В иной человеческой обители, в ином человеческом теле, мертвые просыпаются допрежь срока воскресения своего, однако сие еще не есть жизнь истинная, но токмо лишь видимость, краткая и призрачная; тогда простецы говорят о «привидениях», тогда простецы говорят об «одержимости»...

Старец повторяет свой странный ритуальный жест, налагая ладонь с отставленным большим пальцем мне на грудь:

— На сих высотах погребен твой прадед.

И так, этап за этапом, минуя подложечную впадину, поясницу, бедра и колени, спускается он по моему телу вниз. Наконец его ладонь ложится на подошвы моих ног.

— Ну вот мы и сошли в мои пределы! Ибо ступни суть основание, на коем созиждится все строение; они подобно корням связывают бренную человеческую плоть с матерью-землей, когда сам человек странствует в духе.

Итак, пробил час, и непроглядная ночь твоего солнцестояния сменяется ясным днем.
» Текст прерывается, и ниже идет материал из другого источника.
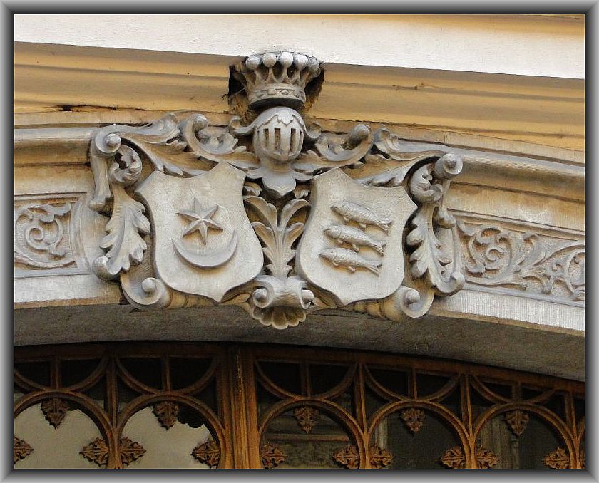 W portalu wejściowym herby

Отныне мертвые в тебе, сыне мой, начинают воскресать.

И я первый.

Патриарх садится у моей постели и все так же монотонно продолжает свой чудной монолог, однако по шелесту книжных страниц, которые он время от времени перелистывает, я догадываюсь, что легендарный основатель нашего рода зачитывает мне из фамильных хроник — о них довольно часто упоминал отец.

Неспешно и даже как будто сонно льется его речь, усыпляя мои внешние органы чувств и пробуждая внутренние, сокровенные,

до какой-то болезненной, почти невыносимой чувствительности, когда я уже не знаю, откуда доносится этот голос, и мне вдруг кажется, что эта потусторонняя литания рождается где-то в сокровенных глубинах моего Я, что все мое существо проникается изнутри тайным ее смыслом и только потом, преисполнившись откровением, изливает избыток наружу, облекая его в куцые заношенные оболочки человеческих слов:

— Ты двенадцатый, я первый. Всякий счет начинается с «единицы» и заканчивается «дюжиной». Сие есть таинство творения, имя коему — Человек, ибо и по сию пору созидает Всевышний образ и подобие Свое неисповедимое.

Тебе, сыне мой, надлежит стать вершнем древа, устремленным к свету животворящему; я есмь корень, воссылающий силы предвечной тьмы навстреть солнечным лучам.

Но знай же, я есмь ты, и ты еси я, буде исполнятся сроки и древу нашему завершену бысть в росте своем.